To identify previous cases of CMV pharyngeal or laryngeal ulceration, we searched PubMed using the keywords “Cytomegalovirus”, “CMV”, “HIV”, “Pharyngeal” and “Laryngeal”. Additionally, we searched the references of published reports. Seven cases were identified, and they are listed, along with the present case, in Table 2. Two studies were excluded because they did not include enough information for evaluation [6, 7]. The average age of the patients was 40.3 ± 9.6 years, six were male, and one had died. CD4 cell count, HIV-1 RNA viral load and CMV DNA or antigen test was available in two cases. In one case, CD4 cell count was 2/ul, HIV-1 RNA viral load was 5.5*10^5/mL and CMV antigen was positive. In our case, CD4 cell count was 11/uL, HIV-1 RNA viral load was 3.1*10^5/mL and CMV antigen was positive. Two cases were not treated and regressed spontaneously, but the others were treated by ganciclovir or valganciclovir. In terms of treatment period, two cases and our case were treated for 2 weeks, one case was treated for 8 weeks. Diagnosis was achieved with one biopsy in five cases and two biopsies in one case. Additionally, it is only our case that describes CMV pharyngeal and laryngeal ulceration caused by IRIS, without typical manifestations such as retinitis, pneumonitis and hepatitis.

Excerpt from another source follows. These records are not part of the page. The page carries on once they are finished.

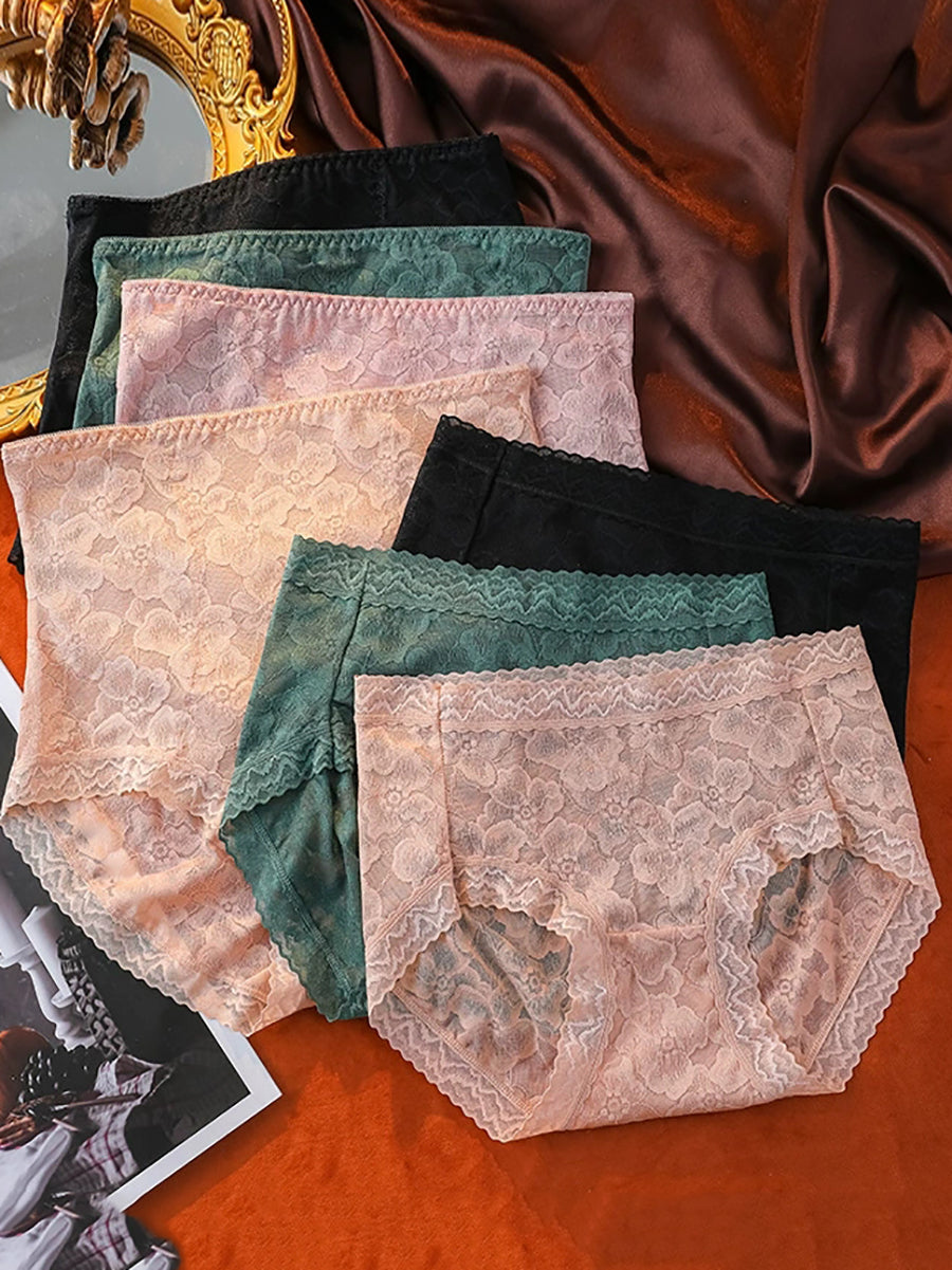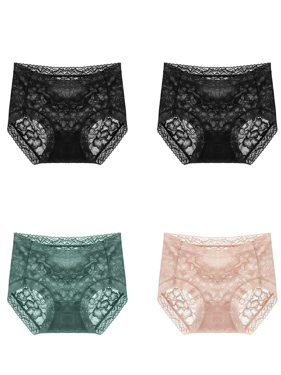 4 deler kvinnelige kunstneriske blomsterblonderundertøy med høy midje
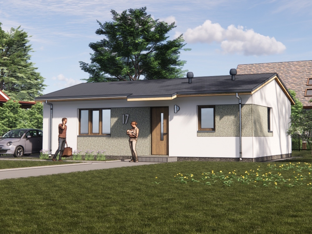 Влаштування палево-стрічкового фундаменту та бетонної основи під підлогу. Монтаж СІП-панелей зовнішнішніх та внутрішніх несучих стін товщ. 200 мм. Монтаж СІП панелей даху товщ. 200 мм. В якості утеплювача використовується сірий NEOPOR.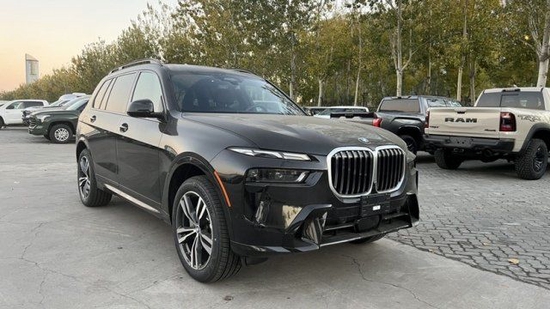 2023款宝马X7 (配置|询价)整体造型延续了此前概念车的设计。贵宾购车电话:17627885113 祝经理 (微信同电话)进气格栅相比宝马现款车型尺寸更大,两侧大灯也采用了开眼角设计,但造型更加狭长,搭配内部的日间行车灯,有着较强的科技感。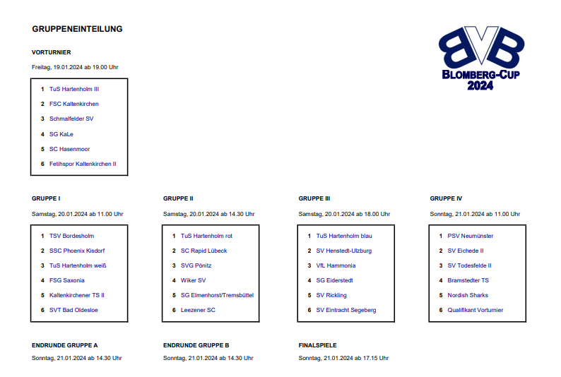 Am Freitagabend startet der Blomberg-Cup bei dem auf Vollbande gespielt wird um 19:30 Uhr mit dem Qualifikationsturnier. Der Sieger nimmt am Sonntag beim Qualiturnier für das Finale statt. Nach dem Freitagsturnier geht es um 22.00 Uhr mit einer After-Work-Party ins Wochenende. Am Samstag finden dann die Vorrundenturniere statt. Am Vormittag ab 11 Uhr treffen, der SSC Phoenix Kisdorf, TuS Hartenholm, SVT Oldesloe, FSG Saxonia, TSV Bordesholm und Kaltenkirchener TS II aufeinander. Das zweite Turnier beginnt ab 14.30 Uhr und das dritte startet ab 18 Uhr. Im Anschluss findet die Players-Night Gemeindehaus statt. Der Eintritt für beide Veranstaltungen ist natürlich frei. Am Sonntag steht dann das letzte Vorrundenturnier auf dem Programm. Dort spielen die Teams vom SV Eichede II, PSV Neumünster, SV Todesfelde, Bramstedter TS, Nordish Sharks und der Sieger des Freitagsturnier die zwei Finalteilnehmer aus. Für 18 Uhr ist dann das große Finale geplant.

Our case required five biopsies for diagnosis. In one of the previous reports, the authors stated that histological diagnosis is vital for diagnosis of oropharyngeal ulcers caused by CMV because these lesions show various microscopic findings [3]. There are many differential diagnoses of pharyngeal ulceration and it is difficult to diagnose. If patients with HIV infection show refractory pharyngeal or laryngeal pain and ulceration, biopsy should be performed. Additionally, this case suggests that CMV IRIS could be the differential diagnosis when refractory pharyngeal or laryngeal ulceration is seen. In conclusion, if a patient has oropharyngeal ulcer with HIV infection, CMV infection should be considered as differential diagnosis.